Warning: The first run will download the model weights which may take significant time depending on your internet connection. The model is approximately 5-6GB in size.

In [None]:
try:
    print("Starting batch inference with Llama 3.1-8B...")
    print("This may take a while depending on your hardware.")
    print("First run will download model weights (~5-6GB)")
    
    # Process the dataset through the Llama model
    result_ds = processor(ds)
    
    print("Batch inference completed successfully!")
    result_ds.show()
    
except Exception as e:
    print(f"Error during batch inference: {e}")
    print("\nThis could be due to insufficient GPU memory or other resource constraints.")
    print("Consider these troubleshooting steps:")
    print("1. Further reduce batch_size (try 8 or 4)")
    print("2. Lower max_num_batched_tokens to 1024")
    print("3. Reduce gpu_memory_utilization to 0.7")
    print("4. Close other applications using GPU memory")
    print("5. Check if your WSL GPU passthrough is properly configured")
    print("6. Consider trying a smaller model like TinyLlama/TinyLlama-1.1B-Chat-v1.0")

## 7. Examine the Results

Let's fetch and display the results in a more readable format.

In [None]:
try:
    # Take all results and display them
    results = result_ds.take_all()
    
    for i, item in enumerate(results):
        print(f"Prompt {i+1}: {item['prompt']}")
        print(f"\nResponse:\n{item['response']}")
        print("-" * 80)
        print()
except NameError:
    print("No results to display. Batch inference may have failed.")
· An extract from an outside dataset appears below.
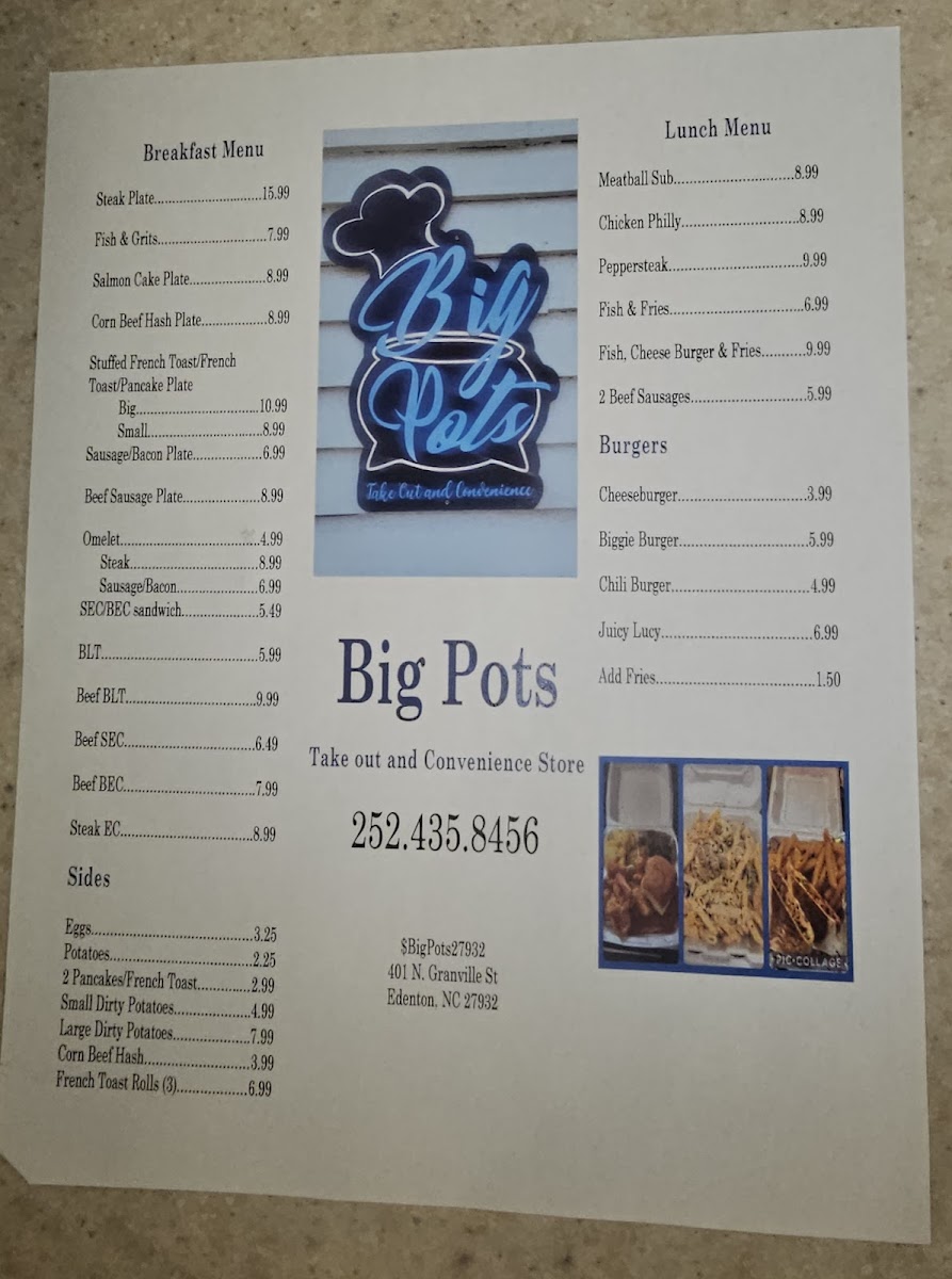 Whether you’re grabbing breakfast on a lazy Sunday morning or enjoying a casual lunch with friends, Big Pots promises a dining experience that warms both the belly and the heart. The inviting environment combined with delicious, homestyle cooking makes this Edenton gem a must-visit for food lovers. So grab your family and friends, head over to Big Pots, and savor the goodness awaiting you!

## 8. Memory and Performance Analysis

Let's check GPU memory usage and other resources. Monitoring memory usage is critical when working with large models on systems with limited VRAM.

In [None]:
try:
    # Only works if you have nvidia-smi available
    !nvidia-smi
except:
    print("nvidia-smi not available or not accessible from the notebook")
    
    # Alternative memory check using Python
    import torch
    if torch.cuda.is_available():
        print(f"CUDA available: {torch.cuda.is_available()}")
        print(f"Current GPU: {torch.cuda.current_device()}")
        print(f"GPU Name: {torch.cuda.get_device_name()}")
        print(f"Total GPU memory: {torch.cuda.get_device_properties(0).total_memory / 1e9:.2f} GB")
        print(f"Allocated memory: {torch.cuda.memory_allocated() / 1e9:.2f} GB")
        print(f"Cached memory: {torch.cuda.memory_reserved() / 1e9:.2f} GB")
    else:
        print("CUDA not available")

## 9. Cleanup

Always shut down Ray when you're done to free up resources. This is especially important when working with limited GPU memory.

In [None]:
# Shutdown Ray to free resources
ray.shutdown()
print("Ray has been shut down.")

## 10. Additional Recommendations for Limited Hardware

The reference hardware specification (Intel Core i7-10875H, 32GB RAM, RTX 2080 with 8GB VRAM) presents some specific challenges:

1. The RTX 2080 with 8GB VRAM is at the minimum threshold for running Llama-3.1-8B
2. WSL adds overhead to GPU performance and memory management
3. System processes may compete for GPU resources

If encountering persistent memory issues:

1. Try using WSL memory configuration to optimize memory allocation
2. Create a `.wslconfig` file in the Windows user directory with:
   ```
   [wsl2]
   memory=24GB
   swap=8GB
   ```
3. Consider using a smaller model first to test the workflow
4. Run the Ray Dashboard (http://localhost:8265) to monitor cluster resources
5. Add `swap_ratio=0.5` to `config` to enable swap memory (slower but helps with OOM)

Remember that batch inference is memory-intensive, but the optimized configuration provided in this notebook should work on systems with 8GB VRAM with careful management.